Within this setting, the Knapsack Problem (KP) is one of the simplest non-trivial binary models that describes a wide range of practically relevant optimization problems, ranging from economic-financial investment decision-making, planning of missions for data acquisition by a group of satellites in the field of Earth Observation, to logistics tasks in cargo transportation.

The KP involves selecting, from a list of items, a subset of these, with the goal of maximazing the total profit while respecting a capacity constraint. One possible interpretation of the problem is the preparation of a mountaineer's backpack for a mountain hike: among the numerous desired items, each characterized by a weight that increases the backpack load once the item is chosen, and by a benefit or profit that measures the utility or comfort provided by the item when carried. For obvious reasons, the mountaineer wants to limit the total weight of his backpack and therefore sets the maximum load with the capacity value. At the same time, he wants to maximize the benefit provided by the selected items.

In this project, we address this NP-hard challenge by implementing the Quantum Approximate Optimization Algorithm (QAOA). The objective is to explore the potential benefits of this quantum optimization approach compared to state-of-the-art classical algorithms.

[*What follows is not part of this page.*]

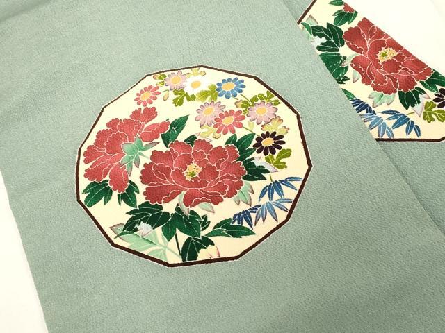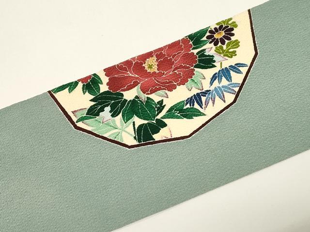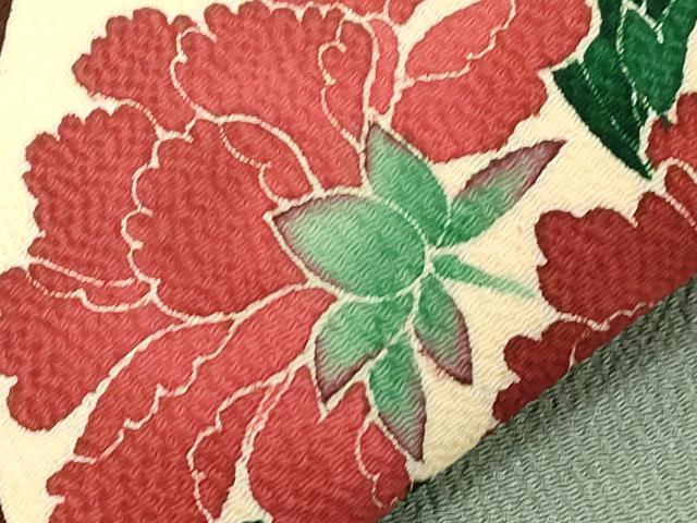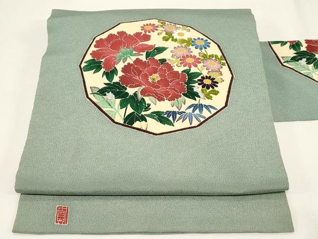 Heiwaya Kimono ● Nine-inch Nagoya Obi (Kimono Sash) - Yuzen Dyeing - Artist's Work - Floral Pattern - Oni-shibo Chirimen Silk - Exceptional Item - CABE3648dy

Furthermore, we use Tensor Network (TN) methods implemented in qmatchatea to simulate larger instances of the KP, enabling us to evaluate the performance of QAOA on larger problems.

Mentor: Marco Tesoro

Tasks

  1. Implement a brute-force algorithm to solve small instances of the KP and gain insight into its limitations;
  2. Understand how to map a constrained optimization problem into a Quadratic Unconstrained Binary Optimization (QUBO) form
  3. Understand the equivalence between QUBO and a classical Ising model with long-range random interactions
  4. Implement the mapping from the QUBO reformulation of the KP onto a quantum many-body Hamiltonian
  5. Implement the QAOA using the Qiskit quantum software
  6. Apply QAOA to determine the ground state and explore the quality of the encoded KP solution in different circuit parameter regimes
  7. Leverage qmatchatea and HPC resources to address larger instances of the KP
  8. Compare QAOA solutions with classical approaches, using the exact brute-force algorithm for smaller instances and the the CPLEX BILP classical solver for larger instances;
  9. Optional: investigate how to improve the QAOA circuit variational parameters initialization;
  10. Optional: explore variants and improvements of QAOA.

Materials

  • The mathematical formulation of the KP as a QUBO problem and the process of mapping its solutions into the ground-state search of a many-body Hamiltonian can be found in kp_qubo_guide.pdf;
  • Qiskit tutorial on QAOA can be found here and here;
  • The latest version (1.1.x) of quantum matcha TEA can be installed with pip install qmatchatea or directly downloaded from the gitlab repository.
  • We provide three sets of hard KP instances in the kp_instances folder, categorized by size: small, medium, and large. Use the small instances set to test the brute-force approach and verify your QAOA implementation. For scaling QAOA with quantum matcha TEA, use the medium and the large folders. Every subfolder contains 24 instances at fixed size and varying profits, weights and capacity. The first line of this file represents the number of items, $n$. Each of the $n$ following lines describe an item and contains $3$ integers: the id of the item starting from $0$, the profit of the item and its weight. The last line contains an integer describing the knapsack capacity $\mathcal{C}$;
  • To compare the results of brute-force and quantum (exact, QAOA, matcha TEA) approaches with a state-of-the-art classical solver, we provide a Jupyter Notebook. This notebook includes a cell for loading a KP instance from the instances folder, and another cell that implements the entire workflow for using the CPLEX solver provided by Qiskit;
  • Finally, the file requirements.txt can be used to install the necessary Python packages along with their corresponding compatible versions for the project. To install the packages run pip3 install -r requirements.txt.